The pros and cons of funding your company
When starting a new company, there’s the eternal question of whether you should fund it yourself or look for the startup capital elsewhere.
Most owners tend to use a hybrid of the two methods, but this leaves them with several problems.
After all, should you really be putting your own money into a business idea?
Not everyone has enough money to put down on their own business idea, no matter how many side jobs they have or how much they save. That doesn’t mean they should jump into bed with the first, second, or even third investor that comes along. It may be worthwhile to first start as small possible when trying to finance their companies.
There are, however, several pros and cons to investing your own money in your own company. Below are a few reasons why you should and shouldn’t invest in yourself.
Pro: No outside risk
The glaring benefit to financing a company yourself is not having to worry about someone else’s money. This allows you to make a range of financial decisions as well as pocket more of the profit without the need of interest or shares. It also alleviates unwanted stress and uncomfortable meetings at the end of the month when you’re unable to pay back a portion of the loan.
By using your own money, whether it be from savings, an overdraft, or a credit card facility, you are fully responsible for the financials of the company. Even though you may be dealing with credit card interest, it’s not the same as having the pressure of managing money from friends, family, investors, or the bank.
Pro: You have complete control
The largest benefit to using your own money and not someone else’s is the freedom to run the company however you see fit. You won’t be held accountable to anyone else if the business doesn’t turn a profit or doesn’t reach its target for the month, and there are no shareholders to keep happy, either.
This allows entrepreneurs to find their own way, even if they’re new to a specific industry. It’s a great learning tool, but it can come at a high cost if something goes wrong.

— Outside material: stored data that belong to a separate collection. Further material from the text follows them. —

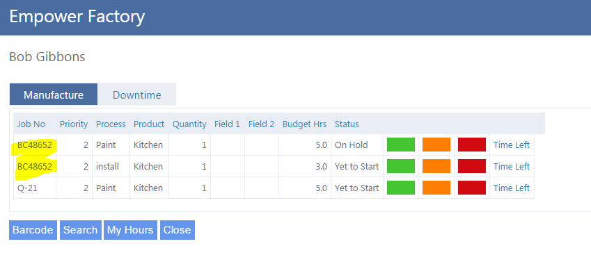 If there is more than one Task with the same Job Number matching the one scanned (see highlighted below)
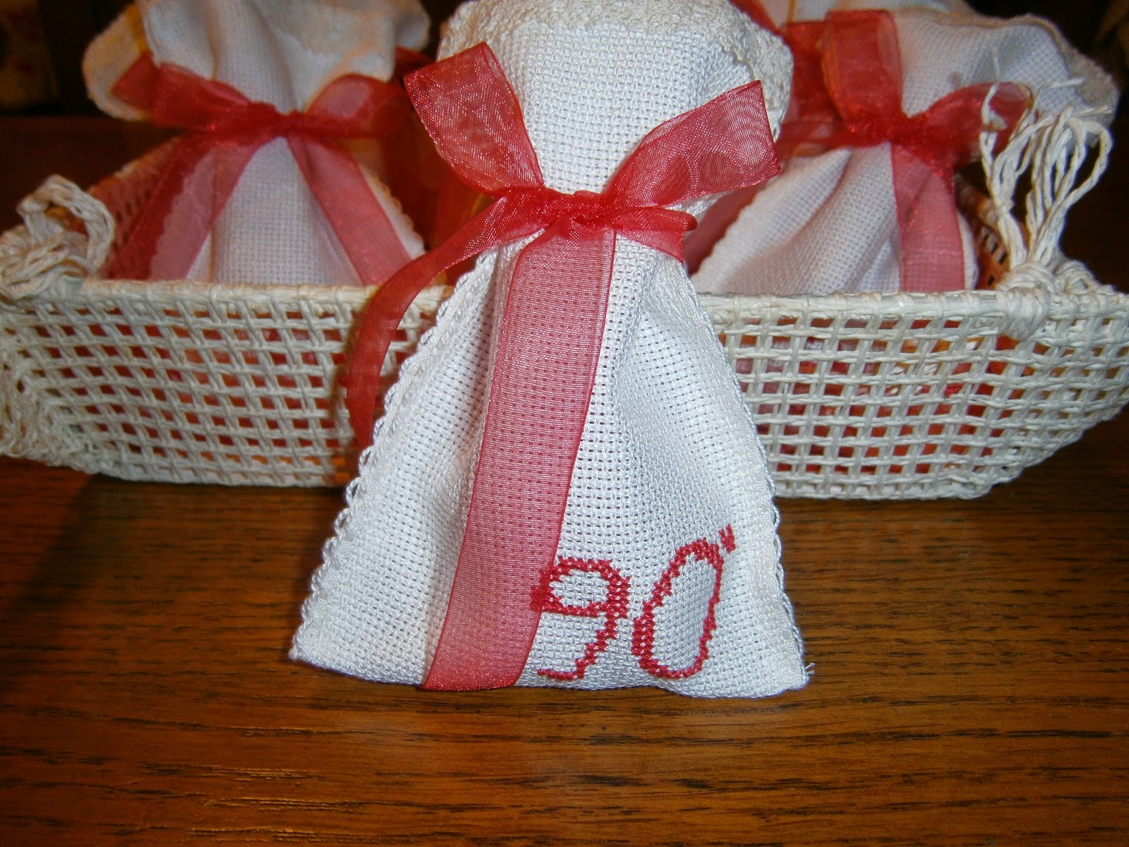 Dopo una pausa ancora più prolungata ritorno da voi carissime amiche con questo post dedicato a dei sacchetti che ho preparato a sorpresa per una persona di famiglia a me cara una nonna acquisita da parte del mio consorte, completamente ideati da me e confezionati, sono state molto gradite e io molto soddisfatta, nel contempo ho realizzato diversi lavoretti che tempo pemettendo cercherò di postare,.Ultimamente sono stata poco presente sui vostri blog ma vedo che avete sempre da proporre molte cose interessanti, augurando a tutte un buon fine settimana, al prossimo post, Imma...
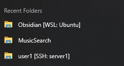 After opening a folder for the first time, I left-click VS Code on my taskbar, drag up, and select what I’m looking for from the Recent Folders.
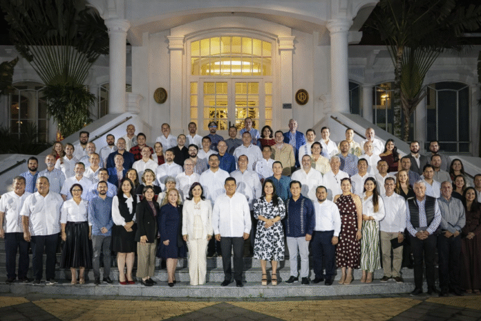 Durante el encuentro, el mandatario estatal estuvo acompañado por integrantes de su gabinete, con quienes explicó los alcances del proyecto, enfocado en transformar la capital tabasqueña y detonar el crecimiento económico mediante obras de infraestructura y modernización urbana. La presentación buscó generar confianza e incentivar la participación del sector privado en la ejecución y consolidación del plan.
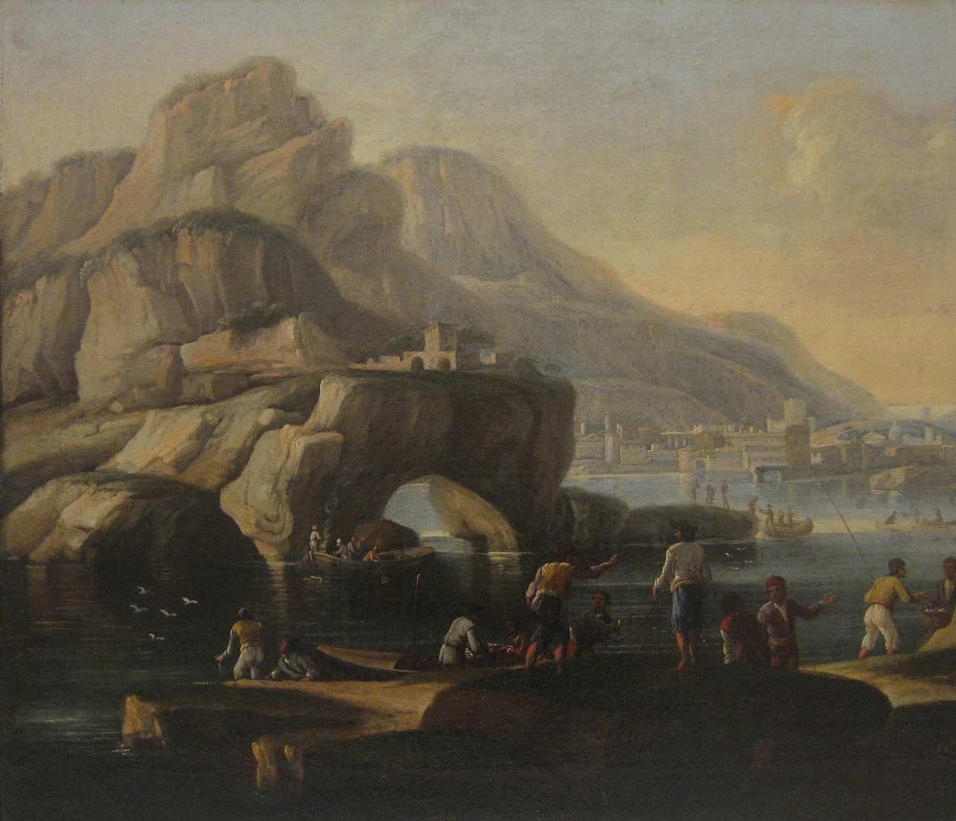 Johannes Lingelbach (1622-1674) zugeschr., um 1650 “Hafenszene”. Öl auf Leinwand. Zustand nach der Restaurierung.
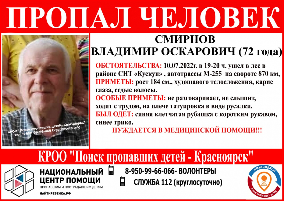 По информации волонтеров, он мог выйти к трассе M-255 и невнятно попросить довезти до Красноярска или в любой другой населенный пункт. Владимир Смирнов нуждается в медицинской помощи, он не слышит и ходит с трудом. Номер телефона волонтеров 8950-996-60-66.
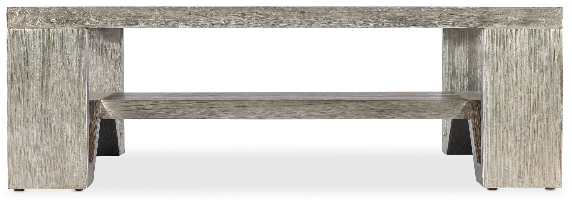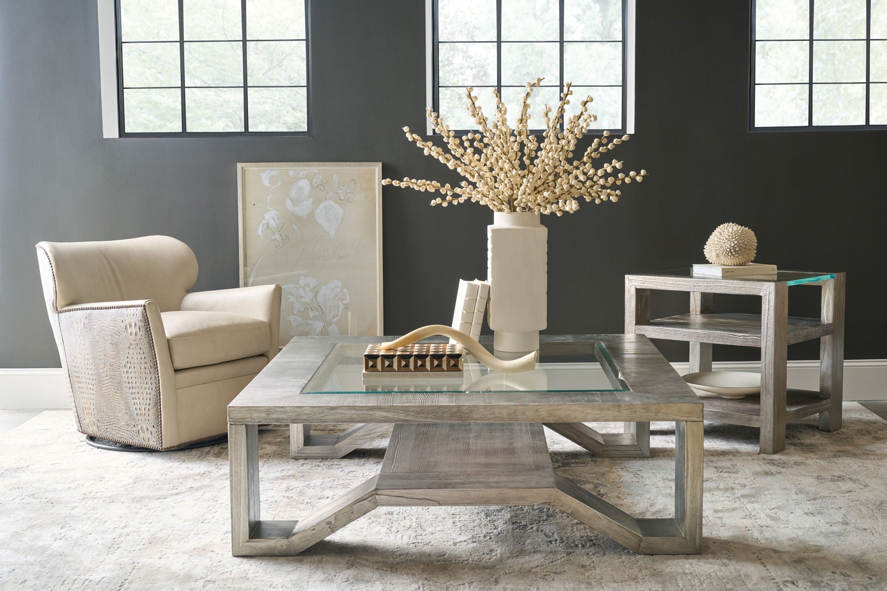 Angles flow gracefully and artfully in the Saber Cocktail Table design. With an overall square shape, the table is crafted of Pine Veneers with a chic silver leaf finish and a drop-in tempered glass top. One fixed shelf.
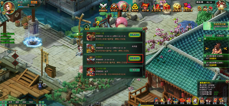 首先玩家需要点击游戏界面上方功能列表条中的日常活动功能按键,如下图:
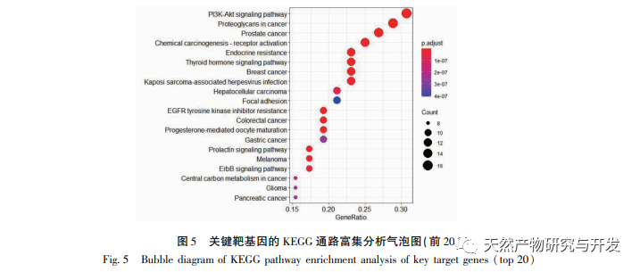 Les résultats de l'enrichissement des voies KEGG ont montré que la voie de signalisation PI3K/AKT et les protéoglycanes étaient impliqués dans 105 voies de signalisation connexes, notamment le cancer, le cancer de la prostate, l'activation des récepteurs de chimiokine, la résistance endocrinienne et la résistance aux inhibiteurs de la tyrosine kinase du récepteur du facteur de croissance épidermique (P<0,01). Parmi eux, le plus préoccupant est la voie de signalisation phosphatidyl-3-kinase (PI3K)/sérine thréonine protéine kinase (AKT). La voie de signalisation PI3K/AKT est impliquée dans la régulation du métabolisme cellulaire, de la croissance, de la prolifération, de la différenciation et de la synthèse des protéines. Des mutations dans la voie de signalisation PI3K/AKT ont été détectées dans de nombreuses tumeurs humaines. Les données de la recherche montrent que jusqu'à 70% à 100% des patients atteints d'un cancer de la prostate avancé présentent une dysrégulation de la voie PI3K. On a également découvert que la voie de signalisation PI3K/AKT joue un rôle important dans la progression du cancer de la prostate hormonosensible vers le cancer de la prostate résistant à la castration, et que son mécanisme d'action peut être lié à la régulation de la voie de signalisation du récepteur des androgènes (AR), ce qui peut servir de biomarqueur potentiel pour le cancer de la prostate résistant à la castration. À l'heure actuelle, les inhibiteurs liés à la voie de signalisation PI3K/AKT, tels que l'AZD5363, sont entrés dans la phase d'essai clinique et ont obtenu des effets thérapeutiques significatifs. L'étude des inhibiteurs liés à cette voie présente un intérêt significatif pour le traitement du CPRC.
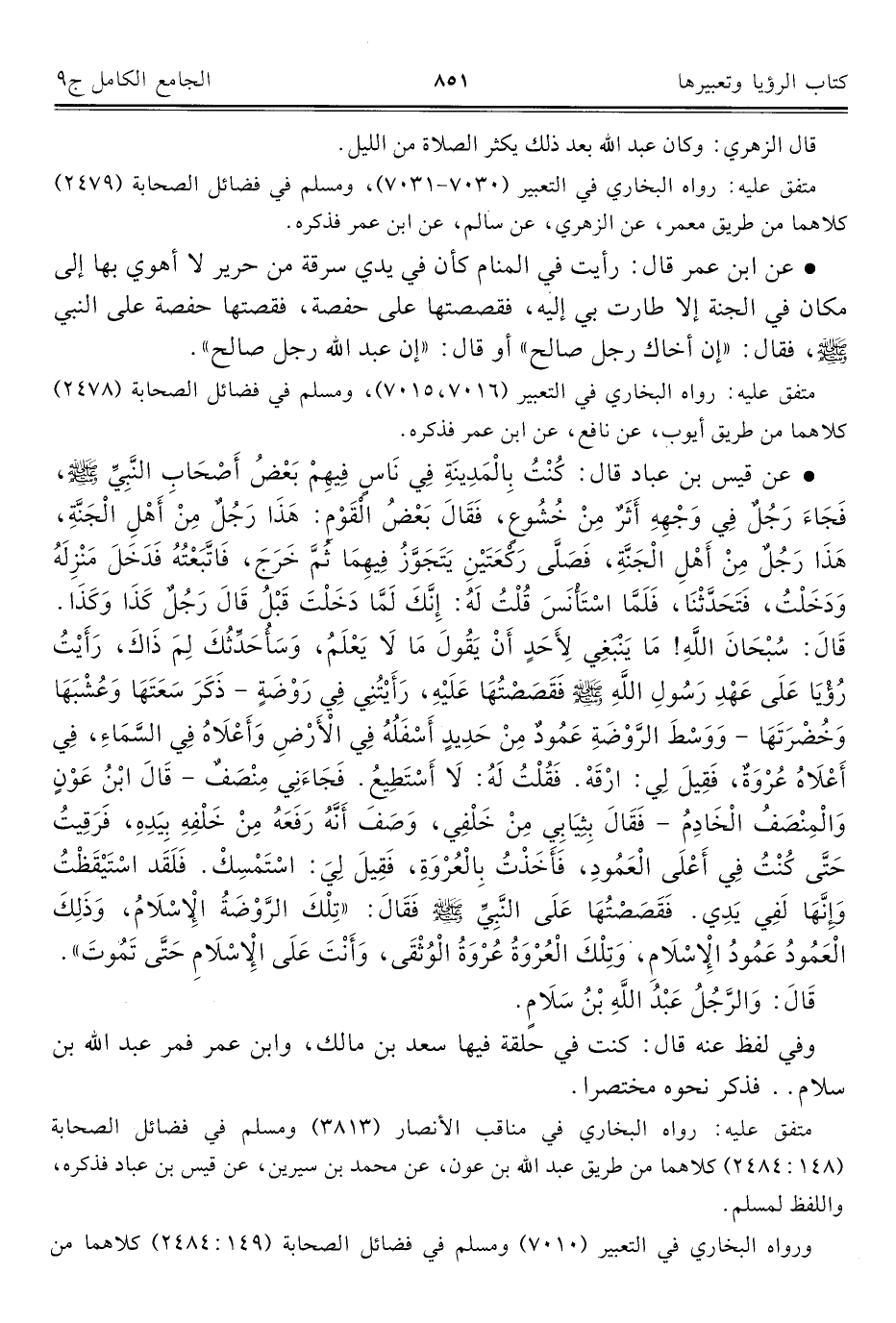 ورواه البخاري في التعبير (٧٠١٠) ومسلم في فضائل الصحابة (١٤٩: ٢٤٨٤) كلاهما من
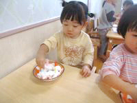 手のひらで丸めたり、指先で小さくちぎったりして楽しむことができました。
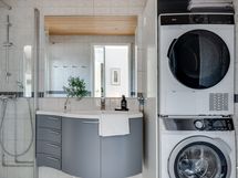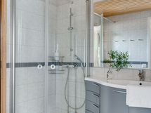 - Pesutilojen kuvaus: Varustelu: suihku, allas, allaskaappi, kaappi, pyykinpesukoneliitäntä (paikka pesutornille), peili, lattialämmitys (sähköllä).
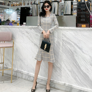 • 宝贝名称: 2020欧美气质修身显瘦礼服方领长袖格子鹿皮绒高腰中长裙子鱼尾裙
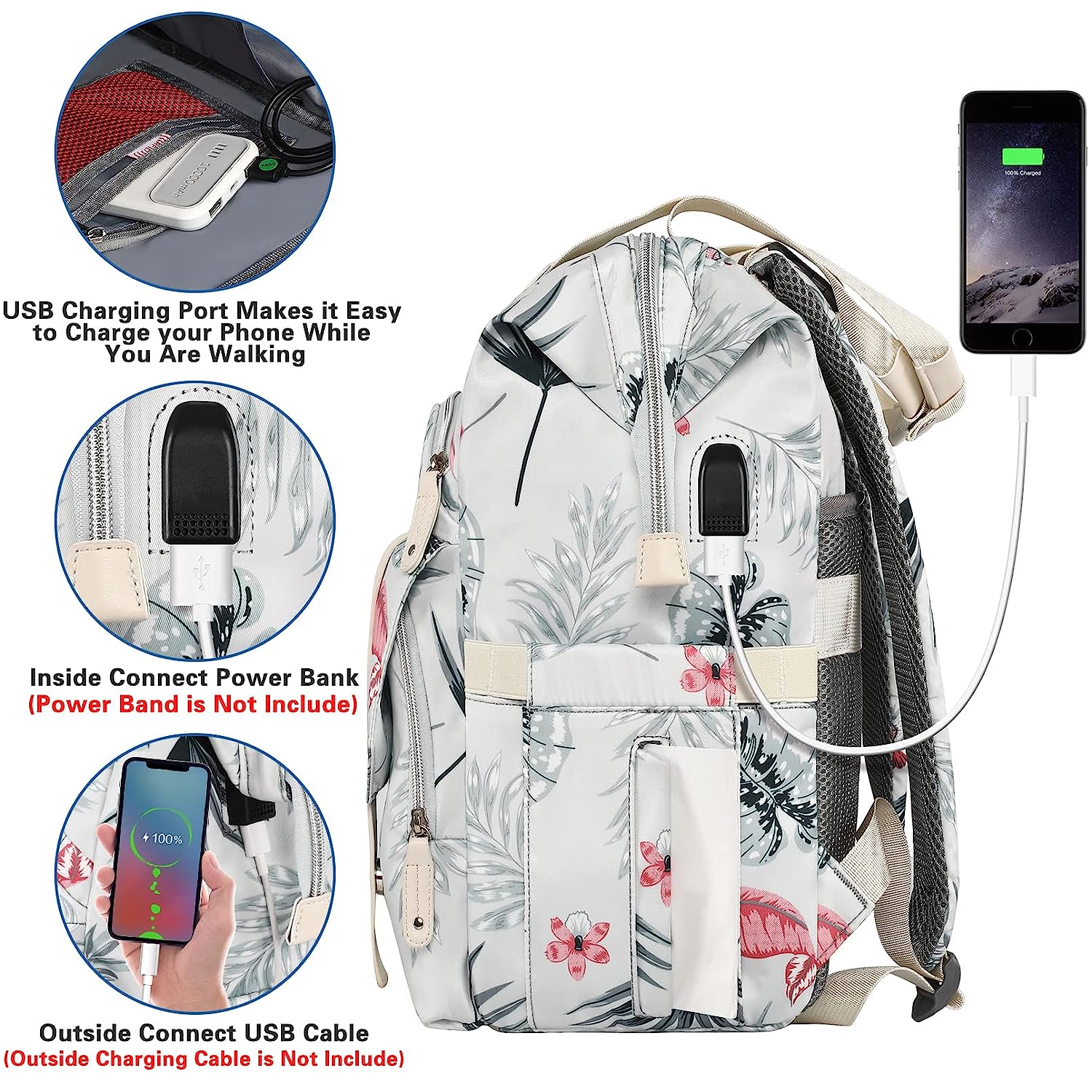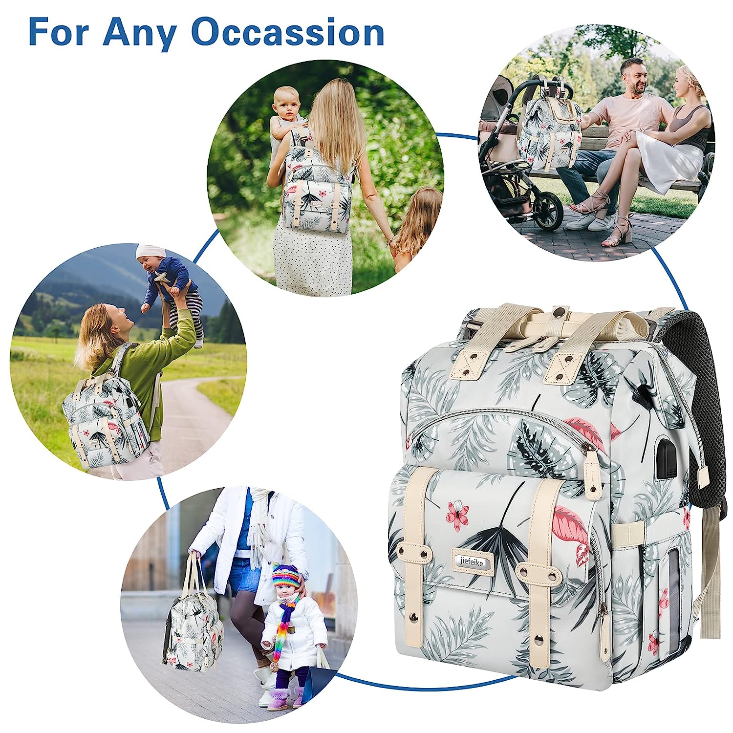 • ?【Stroller Straps& Function】Stroller strap and luggage strap allow to slot the baby diaper bag on baby car and wheeled carry-on luggage.It is convenient and hands free.1 RFID pocket could protect your personal information prevent steal,USB charging port could charge phone at anytime.( POWER BANK NOT INCLUDED).Sponge shoulder pad full protect your shoulder and make your comfortable, it will not makes your back very warm and hot. The diaper backpack back pocket is safe for your phone ect.

On the other hand, this can be looked at as a negative as well. As ideal as it is to have your own business, sometimes you need help and outside input. If it’s just you and you alone running the company, there’s a chance you’ll become burned out and even make the wrong decisions if there’s no one else to consult with.
Con: Your money is at risk
If your company closes down, you could lose everything. It doesn’t matter whether it’s money from a savings account or a retirement fund that you’ve cashed in – that money is important to you.
There is a chance that you could lose not only a large amount of money but everything you own as well. The decision to bootstrap your company is not an easy one to make. In fact, it may just be easier to speak to the bank manager about getting that R5 million loan, or even look into corporate finance. Another option is to look at pitching competitions or Angel investors as these come with fewer strings attached, though you may have to give up some equity instead of interest.
Con: Slow growth
And, finally, there is the downside of slow financial and business growth. By injecting your own money into the company, you may not have enough to get things off the ground. This will stop you from being able to offer the full product or service you intend you sell. Not to mention that no one person can run a single company – you need staff, equipment, and marketing, which all cost a lot of money.
By looking for outside finance, you will often be able to tap into the bank or investor’s knowledge when it comes to business. They will help and mentor you in order to accelerate your startup and expand as much as possible.